Sulfur has been suggested as a material for lithium-ion batteries because of its low cost and potential to hold more energy than lithium-metal oxides and other materials used in traditional ion-based versions. To make Li-S batteries stable at high temperatures, researchers have previously proposed using a carbonate-based electrolyte to separate the two electrodes (an iron sulfide cathode and a lithium metal-containing anode). However, as the sulfide in the cathode dissolves into the electrolyte, it forms an impenetrable precipitate, causing the cell to quickly lose capacity.
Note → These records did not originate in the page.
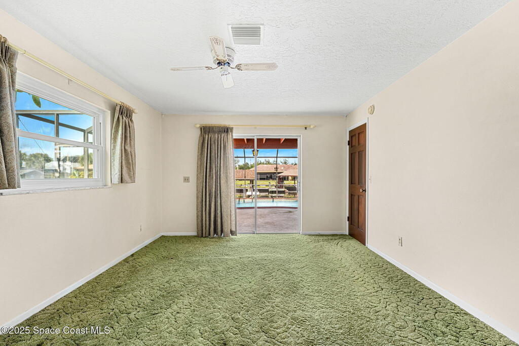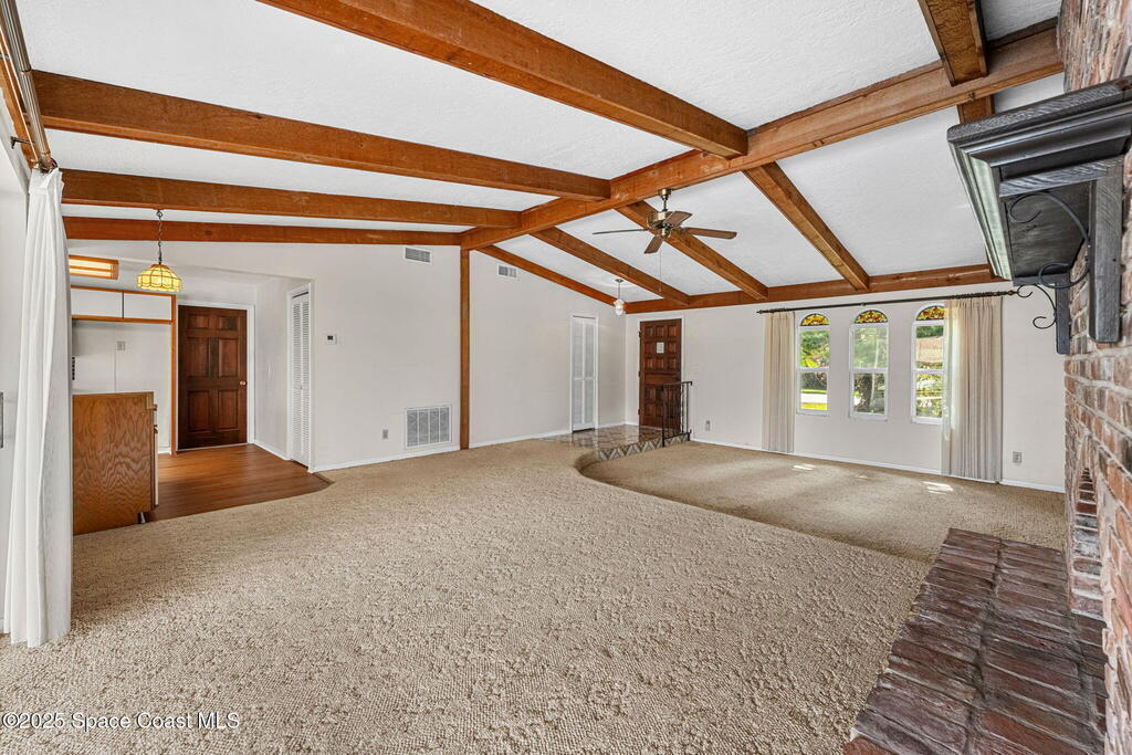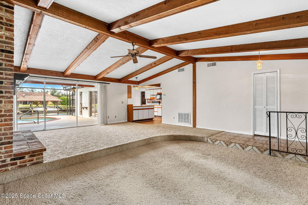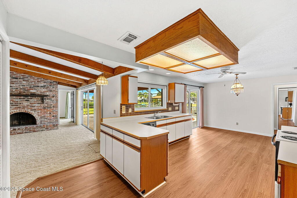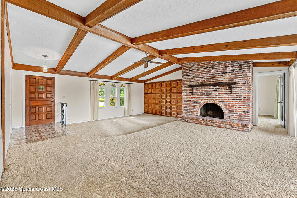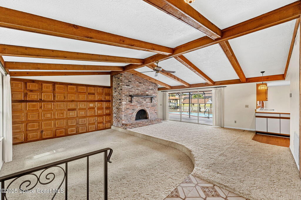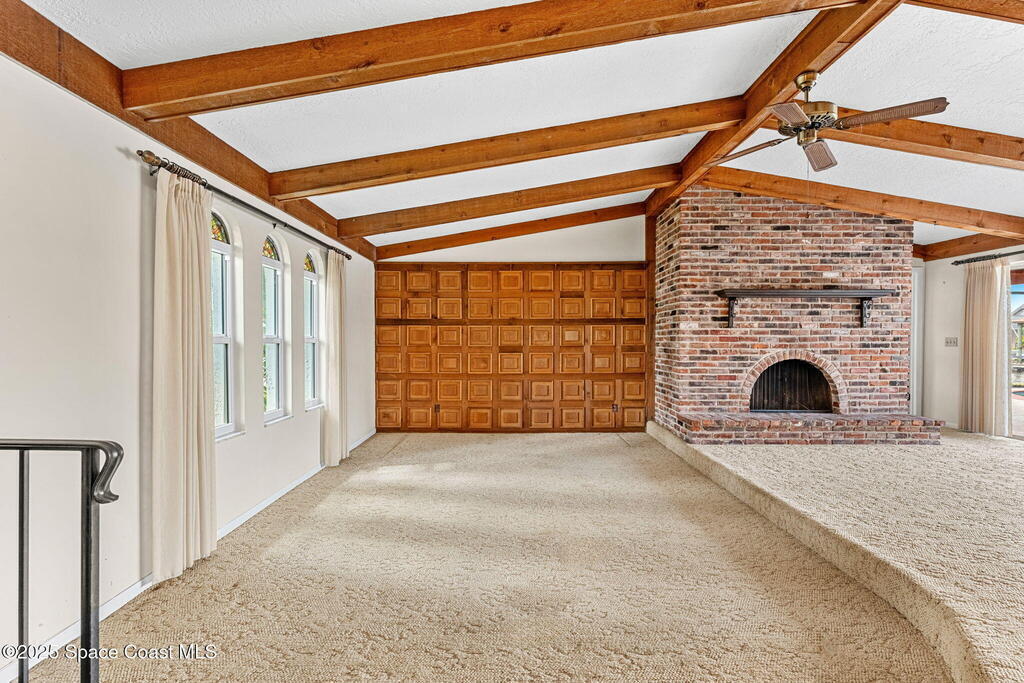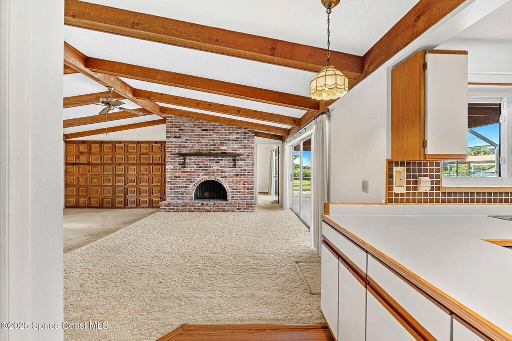 Boater's Paradise Awaits! Perfectly positioned on a .24 acre cul-de-sac lot, this CANAL FRONT POOL HOME offers direct access to the Indian River from your private covered boat dock--just minutes to Sebastian Inlet & offshore adventures! The split floor plan features a spacious living area w/ a wood-beam vaulted ceiling, brick wood-burning fireplace & a custom wood accent wall adding to the vintage charm. Triple sliding doors open to a screened pool & spacious covered lanai where you'll enjoy serene nature views. Recent updates- new HVAC & pool pump in 2025. All windows (except sliders) have been replaced & are impact rated! Tons of potential to make this your dream coastal retreat--bring your water toys & imagination! See Property Highligts in Documents. Sunnyland Beach is a friendly beach community w/ a voluntary HOA, & a deeded beach access, plus close proximity to Aquarina Golf Course & Nancy Higgs Park- indoor basketball, fitness classes, pickleball, disc golf, dog park & more!
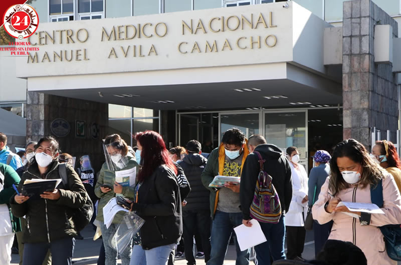 El Hospital Manuel Ávila Camacho conocido como San José, registra aglomeraciones por la jornada de vacunación antiCovid que se realiza este jueves, donde también se encuentra el personal del IMSS de La Margarita.
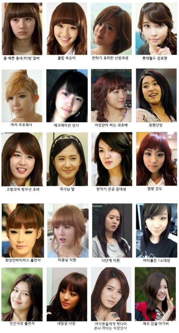아이돌 사진만으로 본 '아이돌 예상 직업'이란 글이 누리꾼 사이에서 화제가 되고 있다.최근 한 온라인 커뮤니티에는 현재 팬들의 사랑을 한몸에 받고 있는 남여 아이돌 사진과 함께, 외모만으로 살펴봤다는 멤버별 예상 직업이 사진 밑에 적혀 있다.해당 게시물에 따르면 아이유는 롯데월드 검표원, 강민경은 성형외과 견적상담원, 빅토리아는 예식장 신부 친구,수영은 인간극장 출연자 등의 내용이 적혀 있다. 크리스탈은 다단계 직원, 유이는 경기도 실종 여대생 등 다소 외모를 비하하는 내용도 있다.이에 게시물을 접한 누리꾼들은 "묘하게 어울린다", "보면 살짝살짝 공감되는 부분도 있다", "생각없이 적은 직업은 좀 심한 부분도 있다"등의 의견을 보였다.
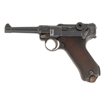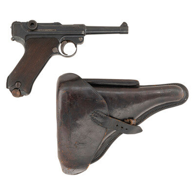 9mm Para. 3.9" barrel length. SN: 2387d. Blued metal finish overall with nitre blued and straw colored small parts mounting checkered walnut stocks. Short-recoil operated striker action autoloading pistol using the toggle locking principle and fed by detachable single stack magazines. Toggle link shows the DWM mark of Deutschewaffen und Munitionsfabriken with a date mark to the forward slide of 1916. Barrel exhibits a bore gauge mark of 8,83, and the right slide shows the WWI Imperial German {Reichsadler} stamp beside three Gothic letter inspection stamps. Further {Reichsadler} marks appear on the upper barrel and left breechblock. Shows standard GESICHERT safety marking to left frame and GELADEN loaded chamber mark to left extractor. Majority of serial numbers match, but the pistol mounts a replaced nonfluted firing pin. Grips match. Magazine is the period correct wood base plug model but does not match the pistol. Comes in a leather Luger pattern holster with maker mark reading C. HOLSTE & CO/MUNCHEN/1916, a Bavarian leather goods maker that produced holsters for Imperial Germany in World War I. Holster contains a Luger disassembly tool with a weak WWII {Droop Wing Eagle} stamp. {C&R}
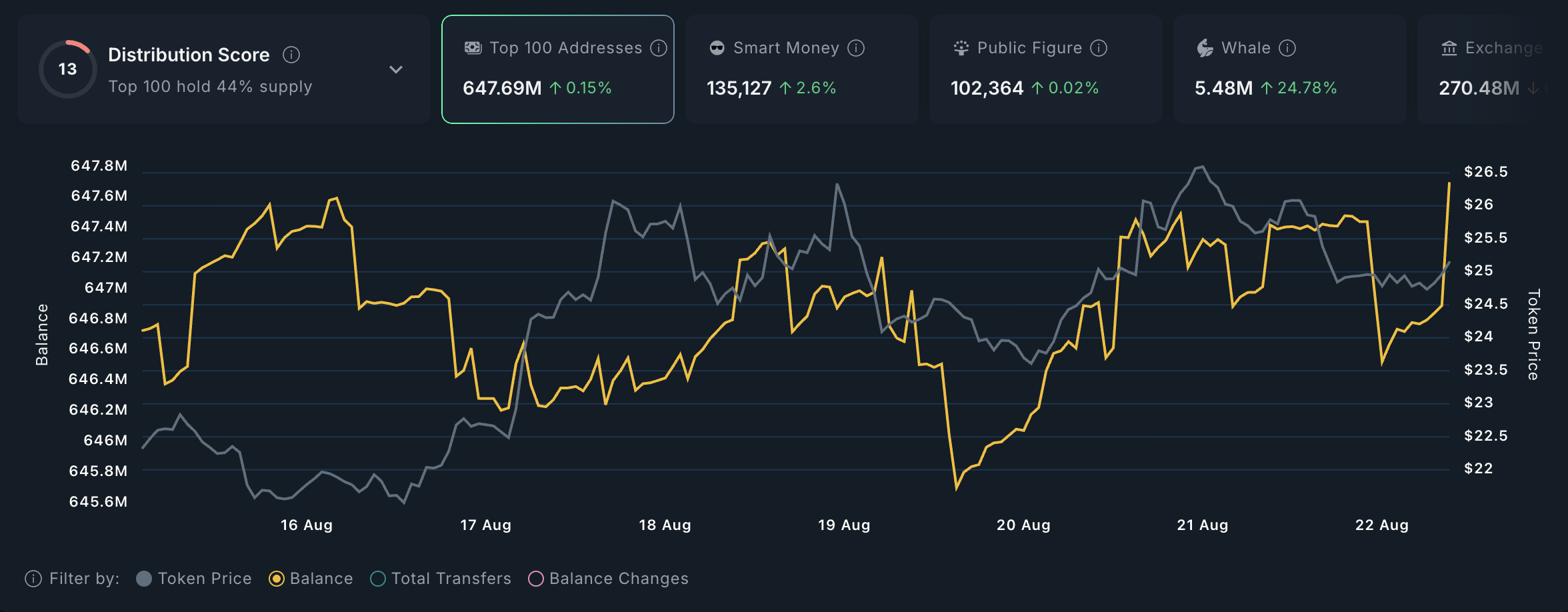 Однак, незважаючи на загальне зниження, ончейн-дані свідчать про те, що криптокити активно накопичують окремі альткоїни. Цей аналіз розглядає деякі з них.
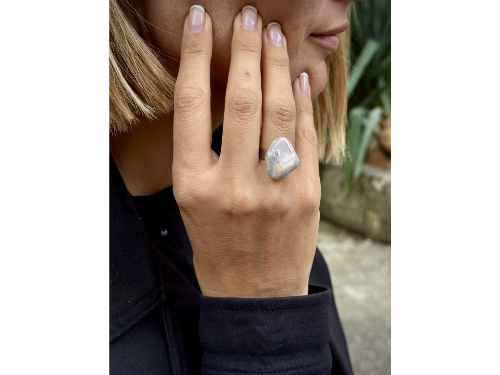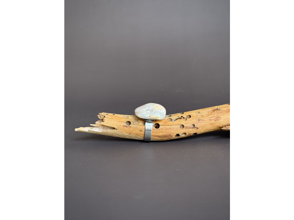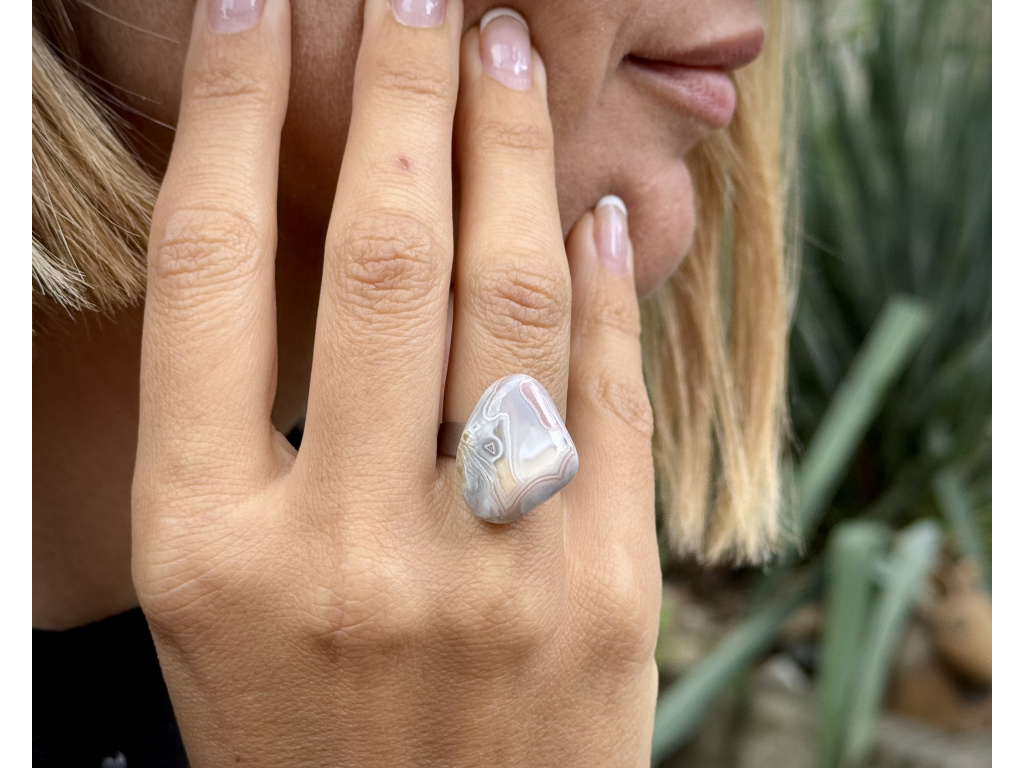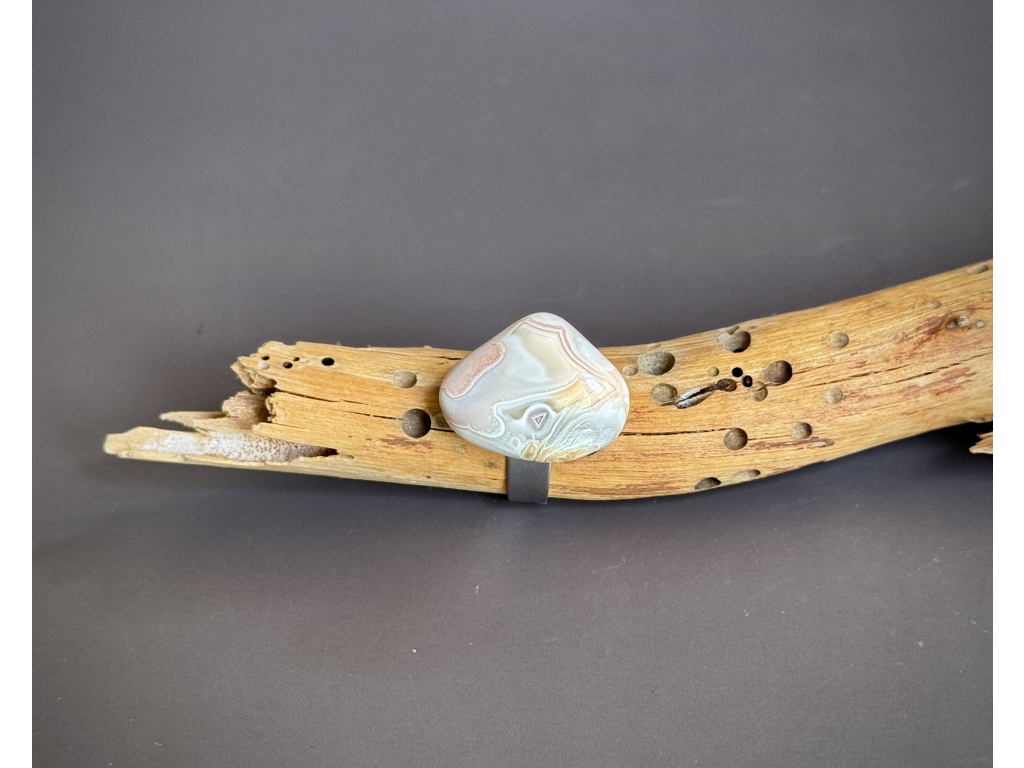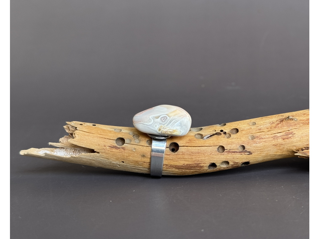 Jemný prsten s hladce tromlovaným růžovým achátem v přirozených, nedobarvovaných odstínech. Hebké páskování v tónech růžové, krémové a šedo‑béžové vytváří něžný, ženský akcent, který se snadno kombinuje s každodenním outfitem.
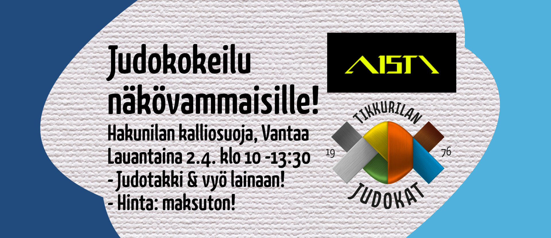 ”Tervetuloa Tikkurilan Judokoiden ja Aisti Sportin järjestämään näkövammaisille suunnattuun judokokeiluun lauantaina 2. huhtikuuta!
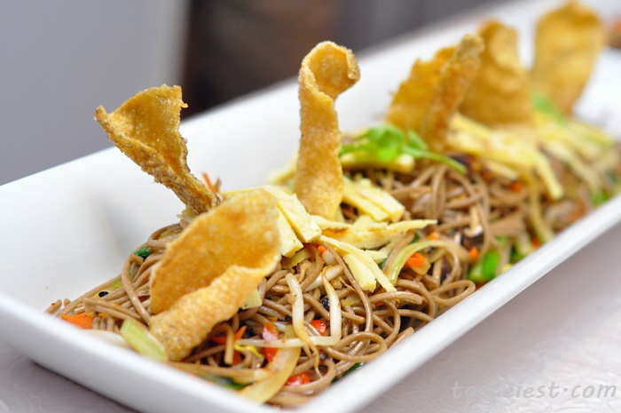Yaki Udon served with deep fried fish skin.

Liping Wang and colleagues wondered if they could add a layer between the cathode and electrolyte to reduce this corrosion without reducing functionality and rechargeability.

The team coated iron sulfide cathodes in different polymers and found in initial electrochemical performance tests that polyacrylic acid (PAA) performed best, retaining the electrode’s discharge capacity after 300 charge-discharge cycles. Next, the researchers incorporated a PAA-coated iron sulfide cathode into a prototype battery design, which also included a carbonate-based electrolyte, a lithium metal foil as an ion source, and a graphite-based anode. They produced and then tested both pouch cell and coin cell battery prototypes.

After more than 100 charge-discharge cycles, Wang and colleagues observed no substantial capacity decay in the pouch cell. Additional experiments showed that the pouch cell still worked after being folded and cut in half. The coin cell retained 72% of its capacity after 300 charge-discharge cycles. They next applied the polymer coating to cathodes made from other metals, creating lithium-molybdenum and lithium-vanadium batteries. These cells also had stable capacity over 300 charge-discharge cycles. Overall, the results indicate that coated cathodes could produce not only safer Li-S batteries with long lifespans, but also efficient batteries with other metal sulfides, according to Wang’s team.

The authors acknowledge funding from the National Natural Science Foundation of China; the Natural Science Foundation of Sichuan, China; and the Beijing National Laboratory for Condensed Matter Physics.